BC singer-songwriter Mark Perry gets introspective and earthy on his 13th album, Northwest, released today (Oct. 29), on digital streaming platforms worldwide.

Northwest is very much a product of the COVID-19 pandemic, according to a media release announcing the album.

“I was reading and rereading Emily Carr’s great little book, Klee Wyck, at the time,” he said. “COVID was settling in. Her writings about the demise of a way of life on the West Coast of BC seemed to correlate with the way the entire planet was going.” he said.

The album was written and recorded remotely across Canada with Perry sending songs back and forth from his Smithers home studio to his producer in the Yukon and musicians in Victoria, Toronto, Whitehorse and Telkwa.

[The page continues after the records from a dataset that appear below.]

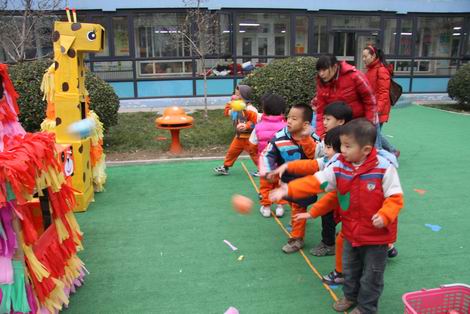 孩子们进行打靶的游戏,看看谁能站得远,打得准!
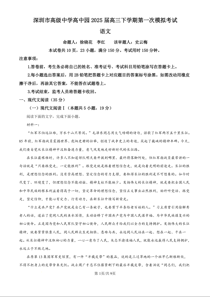 广东省深圳市高级中学高中园2025届高三下学期第一次模拟考试 语文.docx
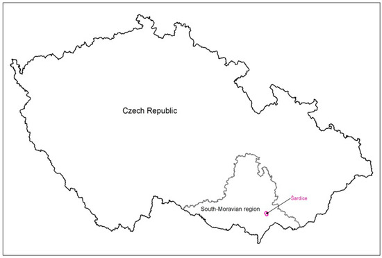 To assess and evaluate the success of the plantings delivered by means of forestry and landscaping methods, a local wildlife corridor (hereinafter as LBK) of a territorial system of ecological stability referred to as LBK 2, situated in the Czech Republic, South Moravian Region, within the perimeter of the municipality of Kyjov, cadastral area Šardice (see Figure 1), was used. The LBK is situated on the right bank of the Šardický brook, which has been significantly modified (straightened and deepened stream bed with trapezoidal cross-section).

As usual, Perry draws on his Northern B.C. surroundings, highlighting songs that offer a glimpse of, what is to many, an exotic and remote place. The songs offer a peek at our emotional connection to landscapes, our dependency on its resources, our periods of isolation, and our human resilience, especially when we experience loss, and how we find our way out of it.

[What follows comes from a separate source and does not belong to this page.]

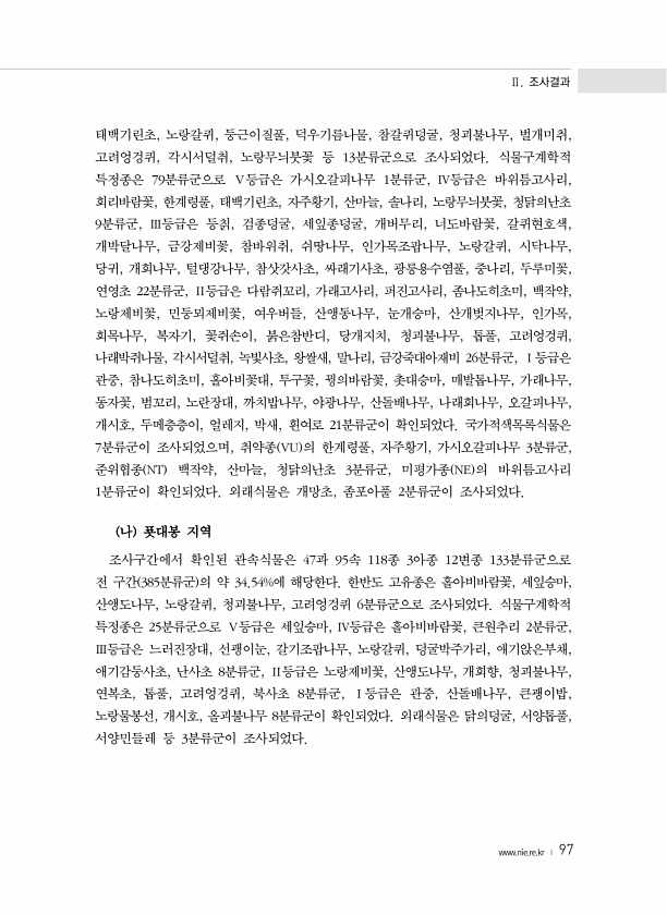 Ⅱ. 조사결과 www.nie.re.kr ? 97 태백기린초, 노랑갈퀴, 둥근이질풀, 덕우기름나물, 참갈퀴덩굴, 청괴불나무, 벌개미취, 고려엉겅퀴, 각시서덜취, 노랑무늬붓꽃 등 13분류군으로 조사되었다. 식물구계학적 특정종은 79분류군으로 Ⅴ등급은 가시오갈피나무 1분류군, Ⅳ등급은 바위틈고사리, 회리바람꽃, 한계령풀, 태백기린초, 자주황기, 산마늘, 솔나리, 노랑무늬붓꽃, 청닭의난초 9분류군, Ⅲ등급은 등칡, 검종덩굴, 세잎종덩굴, 개버무리, 너도바람꽃, 갈퀴현호색, 개박달나무, 금강제비꽃, 참바위취, 쉬땅나무, 인가목조팝나무, 노랑갈퀴, 시닥나무, 당귀, 개회나무, 털댕강나무, 참삿갓사초, 싸래기사초, 광릉용수염풀, 중나리, 두루미꽃, 연영초 22분류군, Ⅱ등급은 다람쥐꼬리, 가래고사리, 퍼진고사리, 좀나도...

“In his signature anecdotal style, Perry sings about real people and historic events,” the media release states. “‘Fish Boats is about the demise of a once-thriving west coast industry. ‘Golden Spruce’ is about the legendary story of Grant Hadwin, who, in a highly controversial act of protest, went missing after he felled a revered Sitka Spruce tree – Kiidk’yaas on Haida Gwaii – considered sacred by the Haida people. ‘Gumboot Girls’ celebrates the story of droves of young women who, in the 1970s, migrated away from urban settings and settled in rural areas across North America, many on the north coast of British Columbia. ‘Cold Road’ refers to the tragic bus crash of a Saskatchewan hockey team. In other songs such as ‘Rosary’ and ‘Who Am I?’ Perry gets more existential, exploring the human dilemma we experience when, what we perceive as ‘normal’, suddenly wavers.”

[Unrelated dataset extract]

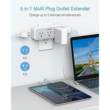 Show more Introducing the TESSAN Multi Plug Outlet Extender – a versatile and compact solution to all your power needs! This surge protector wall plug splitter accommodates the standard North American 2 or 3 prong flat pin plugs, allowing you to effortlessly connect multiple devices at once. With its ingeniously crafted layout, this outlet expander can hold up to five plugs simultaneously while maintaining a neat and tidy space, making it ideal for busy homes, dorm rooms, offices, or during travel.

“We begin to question what ‘normal’ ever was,” Perry said. “Who Am I? is a big question many of us pack around… The COVID-19 pandemic tore down many of our perceptions. We humans stumbled and began to show cracks.”

Several northern B.C. tour dates had to be cancelled due to the most recent round of restrictions imposed by Northern Health due to a surge of COVID-19 cases in the North, but the singer-songwriter promises a northern B.C. tour hopefully sometime in early 2022.

In the meantime, Perry will be teaming up with guitarist Mark Thibeault and bassist Ian Olmstead for a number of dates in November in Vancouver, Calgary and Nanton, Alta.

Northwest is available online at Bandcamp, Spotify, Apple Music/iTunes, and all other global streaming services.

Northwest was produced by Jordy Walker in Whitehorse, Yukon, with accompaniment from musicians recording in their own studios across Canada — Tobin Frank in Victoria, Mip in Toronto, Andrea McColeman in Whitehorse, and Kiri Daust, Thibeault, Olmstead and Perry in Smithers.